= Death of Sasi Perumal =

Sasi Perumal (சசி பெருமாள்) (c. 1955 – 31 July 2015) was a Gandhian activist and anti-liquor activist from Salem, Tamil Nadu. He protested for the enforcement of prohibition in Tamil Nadu for over four decades.
He died near Marthandam in Kanyakumari after staging a demonstration atop a BSNL tower for the removal of a TASMAC outlet near a church at Unnamalaikkadai.

==Protests==
Sasi Perumal started his anti-liquor crusade after prohibition was lifted in Tamil Nadu in 1971. He ran awareness meetings, first in his village and in the surrounding areas. Later, he shifted his base to the city of Salem. He was often spotted near the statues of Mahatma Gandhi and K. Kamaraj, wearing a Gandhi cap and holding the India national flag, exhorting people not to drink alcohol.

He had staged many protests with his National Peoples Federation, including a 33-day hunger strike in 2013, and a long fast in 2014 at Jantar Mantar in New Delhi, demanding nationwide prohibition.

== Death ==
Sasi Perumal died on 31 July 2015 while climbing down from mobile tower after staging a protest. He was accidentally pierced by a rod which led to a fall. He had been protesting for the shifting of a TASMAC outlet in Unnamalaikadai, a panchayat town in Kanyakumari district.

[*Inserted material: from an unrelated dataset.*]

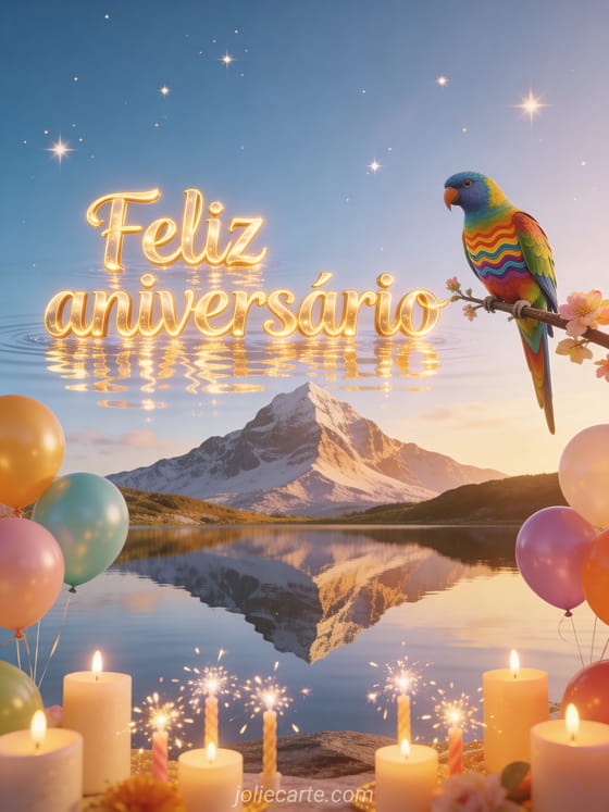 Celebre um dia especial com este lindo cartão animado de aniversário com um lago espelho que reflete montanhas perfeitamente, um periquito colorido em um galho florido e velas de aniversário brilhantes com balões coloridos. Descubra também um cartão animado de aniversário ou um cartão musical animado de aniversário.

His death sparked a series of violent protests in Tamil Nadu. On 3 August 2015, MDMK general secretary Vaiko was charged with rioting after a demonstration in his native village, Kalingapatty. On 5 August, a 40-year-old TASMAC employee was killed when a kerosene bottle was thrown in his shop. With State Assembly elections due in 2016, many political parties including the DMK have pronounced themselves in favour of prohibition.

== Private life ==
Sasi Perumal was born S. K. Perumal in a farming family. He changed his name to Sasi in memory of Tamil actor Sasikumar who died in 1974. He had two sons from a first marriage and a daughter with his second wife Makilam Ammal.